Trapped in the Algorithm (2024)

In2003, the philosopher Nick Bostrom proposed a thought experiment on the dangers of artificial intelligence. In his scenario, an AI was tasked with maximizing the number of paper clips in its collection. A superintelligent machine unshackled from human perspectives and ethical frameworks, he argued, would deduce that the best way to maximize its paper-clips collection was to convert all matter in the universe—humans included—into paper clips. The question of how to create the ultimate paper-clips collection would be definitively answered, but at what cost?

In his new book The Chaos Machine: The Inside Story of How Social Media Rewired Our Minds and Our World, the journalist Max Fisher sets out to analyze a similar situation. In his scenario, libertarian-minded Silicon Valley entrepreneurs, in an attempt to maximize online engagement, created esoteric self-evolving algorithms that convert all social-media users into pure incandescent and polarized outrage, and then shrug at the wreckage they have caused. Fisher’s work could have served as a vital warning sign against this mathematically precise descent into madness, but the book he has written suggests instead that the eponymous Chaos Machine is already so alarmingly efficient that it even managed to coopt Fisher’s thoughts before he set them to paper. Those thoughts prove to resemble those of the supposedly manipulated, blinkered online radical communities he highlights.

The Chaos Machine examines a serious problem that very clearly transcends race, gender, class, and politics through a completely polarized lens. In Fisher’s view, algorithm-driven extremism on the right is an approaching landslide of evil brought on by knowing bad actors and the tacit acceptance of their more mainstream counterparts. But he ignores and downplays any equivalent phenomenon on the left, aside from the occasional sad head shake at how unsuspecting but well meaning people are brainwashed by the white male priests of the Techno-Anarchist Church of Zuckerberg into engaging in “so-called cancel culture.”

It cannot be stressed enough that the crisis Fisher is describing is real and pressing. In their obsessive pursuit of greater engagement, social-media companies (Facebook and YouTube being the primary focus of the book) have designed self-iterating “Deep Learning” algorithms that inexorably funnel users toward increasingly radicalized content, since those algorithms have learned how that kind of mat-
erial brings about more active engagement.

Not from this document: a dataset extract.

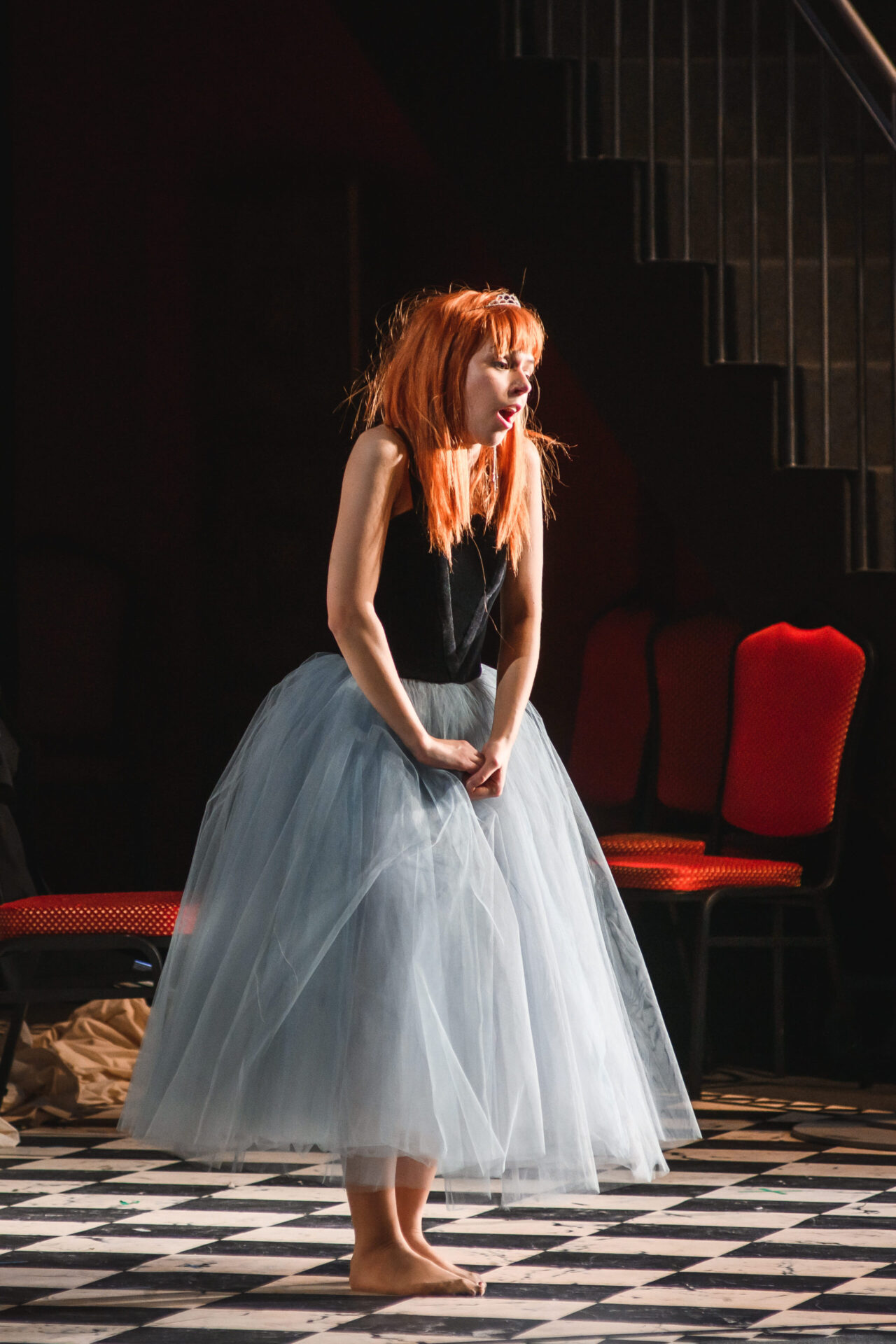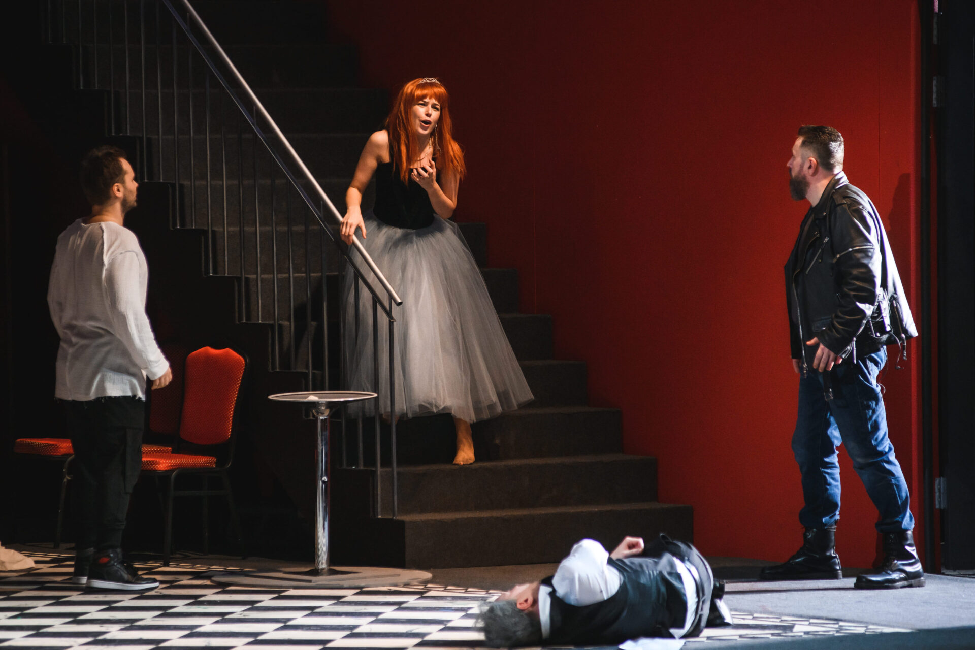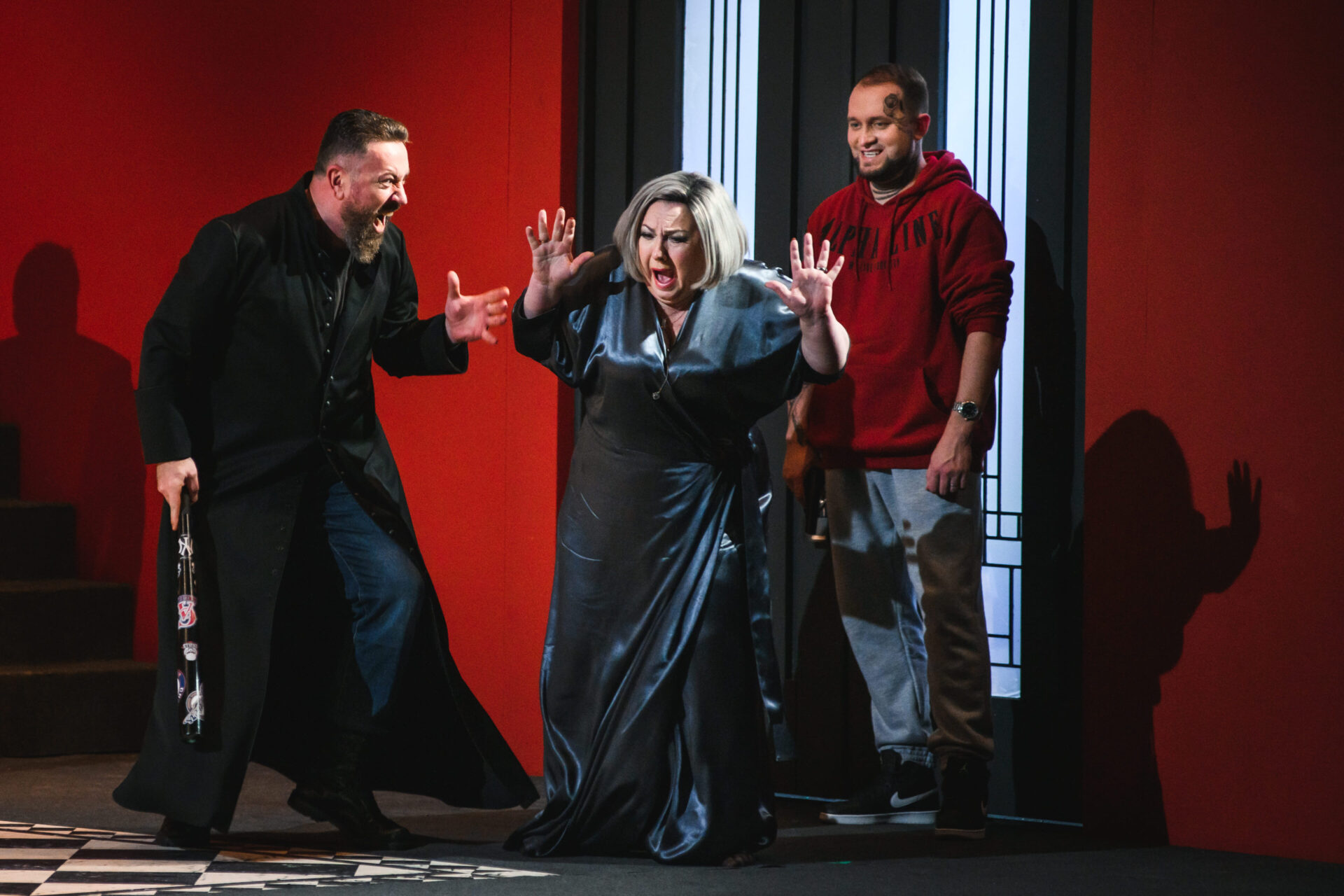 В спектакле персонажи раздваиваются, предстают в новых ролях, по-другому трактуются; реплики, изначально присущие одним, отданы другим героям. Понадобилось купировать несколько музыкальных фрагментов, после чего новый сюжет встал как влитой.
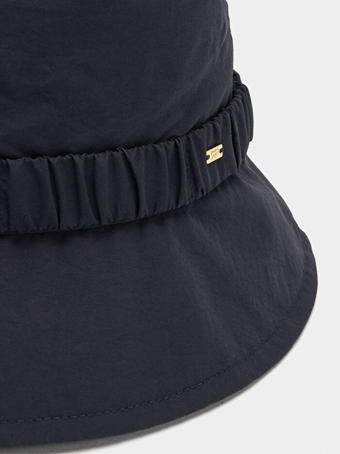 Teknik kumaş bucket şapka. Her stile şıklık ve sofistike bir dokunuş katan, kış için ideal bir aksesuar.

Fisher describes in detail how algorithm-driven polarization in countries as various as Myanmar, Sri Lanka, India, Germany, Brazil, and the United States fuels xenophobia, conspiracies, and violence—problems that concern the companies reaping the benefits from the increasingly universal usage of social media only once it’s too late to fix what’s broken. Fisher establishes the foundations of the problem—from the dominant traits of Silicon Valley whiz kids, to the evolution of news feeds and engagement features, to the psychological and sociological effects of the rapid transition to ubiquitous online life. But he himself is so trapped in the ideological bubble curated for him by the very Chaos Machine he criticizes that he can identify it as a problem only when it afflicts those who live outside his social biodome.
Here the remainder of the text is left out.